Keeping in view the numerous therapeutic options for bone disease already available and those under development, it is prudent to characterize this condition in order to give these patients a better chance of survival. The medical fraternity around the world has recognized this and has started characterizing the disorder. In various international studies, the overall incidence has varied from 11% to 48%, with a fracture rate of 3%-44%. This has not been studied extensively in the Indian population.

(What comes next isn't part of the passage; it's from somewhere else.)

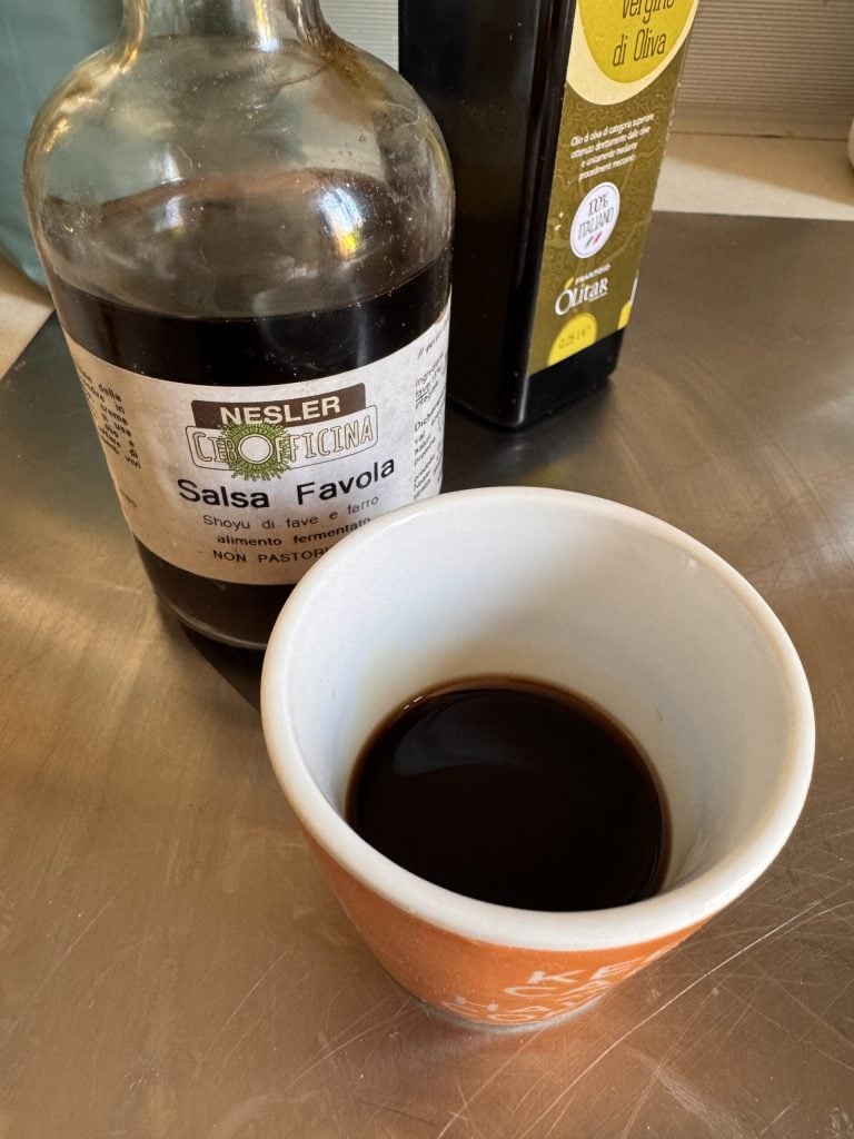 Pour les Pommes de terre, commencer par préparer dans un petit bol un mélange entre huile Olitar et sauce shoyu Favola, en les mélangeant de manière à réaliser une émulsion.

The study was performed on 72 Indian patients with cirrhosis. The group consisted of 63 men and nine women with a median age of 45 years (43.1 ± 7.4, range 22-50 years). Twenty-five patients had hepatitis B (22 men and 3 women), 10 had hepatitis C (5 men and 5 women), and 37 had alcoholic cirrhosis (36 men and 1 woman). A diagnosis of cirrhosis was confirmed histologically or clinically if biopsy was not available. A clinical diagnosis was established in patients who demonstrated a Child-Pugh index > 6 or ultrasound findings suggestive of cirrhosis (the presence of at least two of the findings of nodular irregular surface, distorted vascular pattern, or ascites). Signs of portal hypertension (endoscopically proven esophageal varices or dilated portal venous system with ultrasonography) were taken as additional corroborative evidence. The etiology of post-viral cirrhosis was proven if any of the serological markers were positive [hepatitis B surface antigen by ELISA, anti-hepatitis C virus (HCV) by third generation ELISA, or HCV RNA]. Diagnosis of alcoholic cirrhosis was made with a positive answer to more than one question in the CAGE questionnaire and a previous history of alcohol intake of > 80 g/d in men and > 40 g/d in women for > 10 years. An aspartate aminotransferase to alanine aminotransferase (AST/ALT) ratio of > 1.5 was taken as corroborative evidence. We selected only patients who had abstained from alcohol for > 3 mo prior to the study.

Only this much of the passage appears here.